_What to produce_: Write out every line exactly, from the start of the records below to the line with "WSKAZÓWKA Metadane wprowadzone", and stop there. Don't write out the pictures.

-*-*-

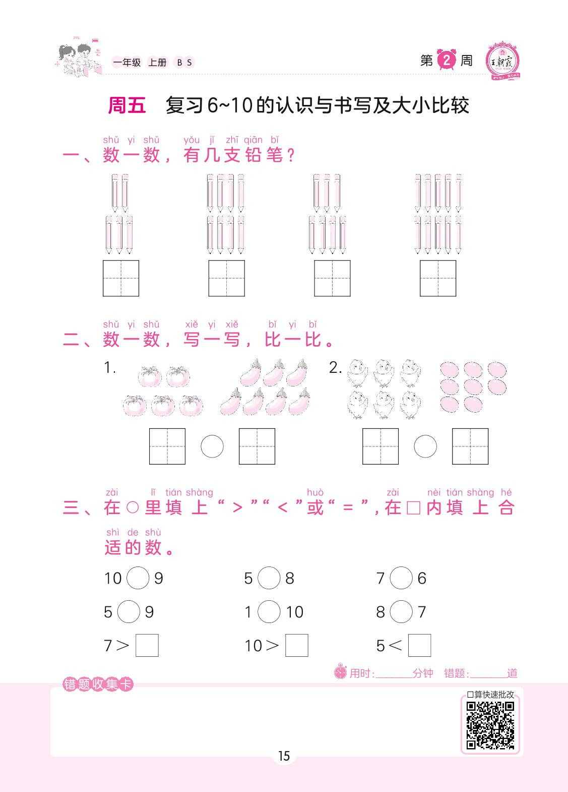 2022上册一年级数学北师版 第2周 周五
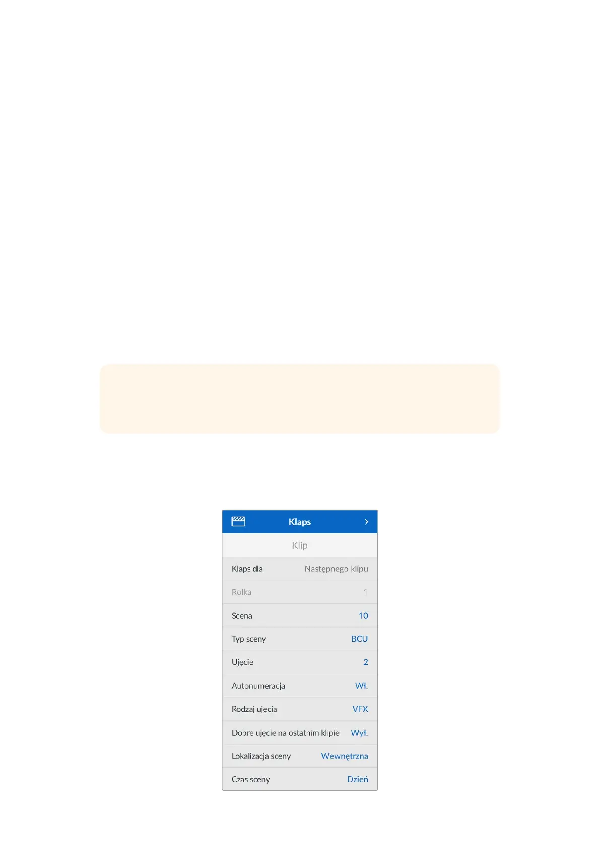 WSKAZÓWKA Metadane wprowadzone do klapsa są widoczne na wyjściu HDMI
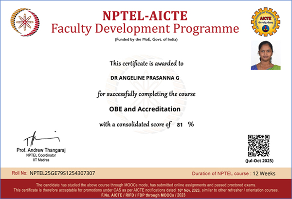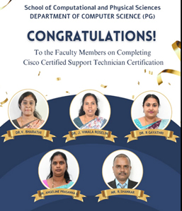 Faculty members have successfully completed the Cisco Certified Support Technician (CCST) Certification and Microsoft Azure Fundamentals certification. In addition, they have accomplished multiple NPTEL courses with high performance standards. These certifications reflect the faculty’s commitment to continuous professional development. The achievements enhance expertise in emerging technologies and cloud computing. Such accomplishments strengthen academic quality and industry relevance of the institution.
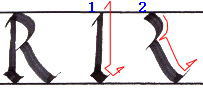書き順2 ”I”の頂点に始点を合わせ、上半身は”B”と同じ
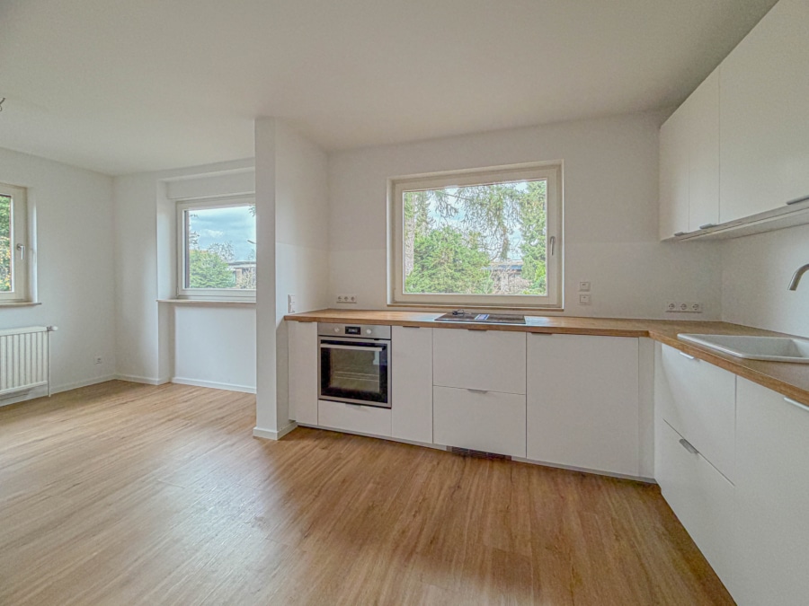 Die Ausstattung entspricht gehobenen Wohnansprüchen: strapazierfähige Designböden in Eichenoptik, glatte Feinputzwände, elektrische Jalousien in allen Räumen sowie moderne Bäder und hochwertige Keramiken schaffen ein zeitloses, pflegeleichtes Ambiente. Die neue Einbauküche (2024) bietet modernste Technik, darunter Induktionskochfeld mit integriertem Dunstabzug, Backofen, Kühl-Gefrierkombination und Geschirrspüler.
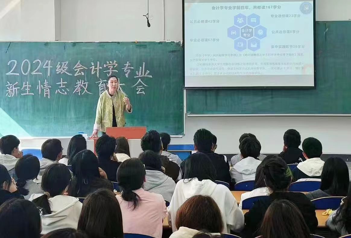 2024级会计学专业新生深化专业认知,稳固专业思想,树立专业自信,做好学业规划,更好适应校园生活,学院于9月28日上午10点在崇师楼A223召开会计学专业新生专业情志教育大会。本次大会由会计学专业负责人闫禹老师和会计学教研室主任乔婉婷老师主讲,全体2024级会计学专业新生参加。
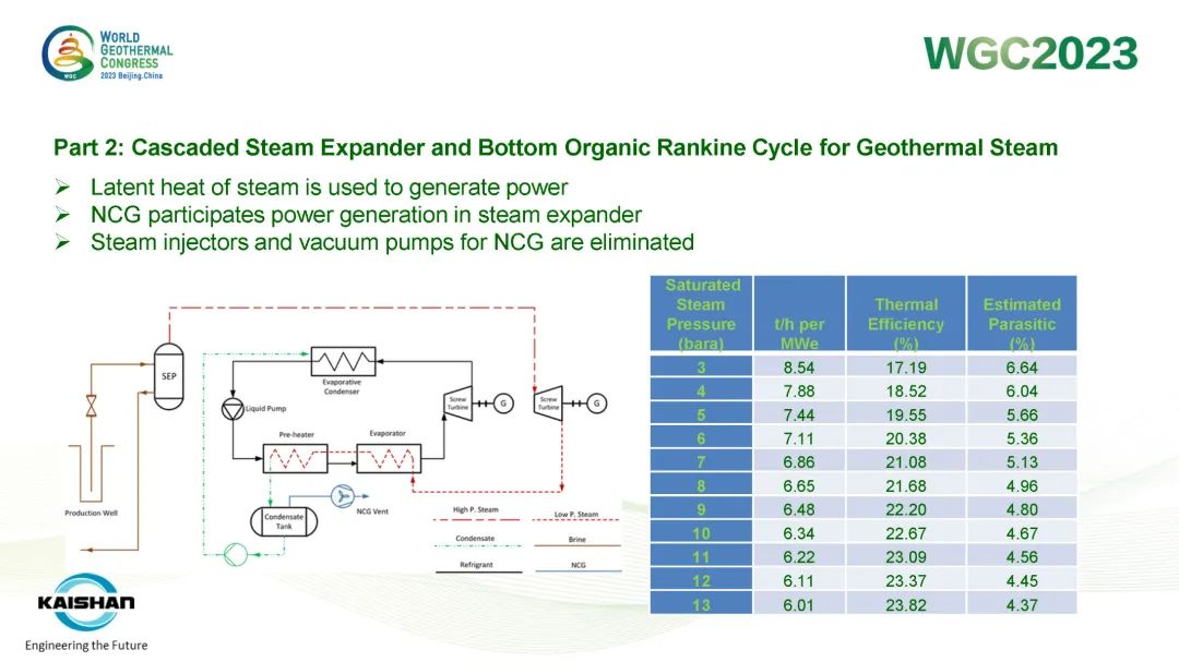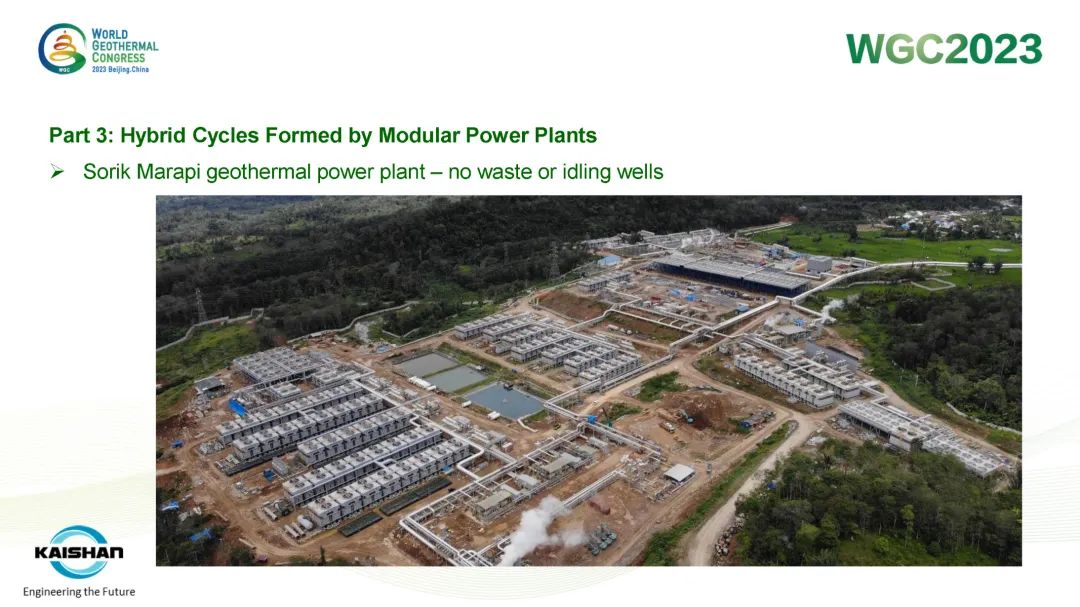 汤炎博士着重介绍了由太阳成集团tyc7111EPC建设的肯尼亚Sosian-Menengai地热电站及太阳成集团tyc7111自主开发、建设、运营的Sorik Marapi地热电站成功案例。Sosian-Menengai地热电站采用“蒸汽膨胀机+湿蒸汽ORC膨胀机”模块电站串级循环,无需采用传统中央电站分离不凝性气体的蒸汽喷射器和真空泵,从而降低了电站寄生负荷、提高其发电效率。Sorik Marapi项目是公司各类型模块电站的集大成者,高压蒸汽井、低压蒸汽井、热水井热源均可得到充分利用,进而使项目实现“无闲置低压/低温井”。模块电站“量体裁衣”式的解决方案通过提高井热效率改善了地热开发的经济性,也通过独树一帜地有效利用低压地热井及热水井,显著降低了资源钻探的单位成本。

-*-*-

_Task output_:
 2022上册一年级数学北师版 第2周 周五
 WSKAZÓWKA Metadane wprowadzone do klapsa są widoczne na wyjściu HDMI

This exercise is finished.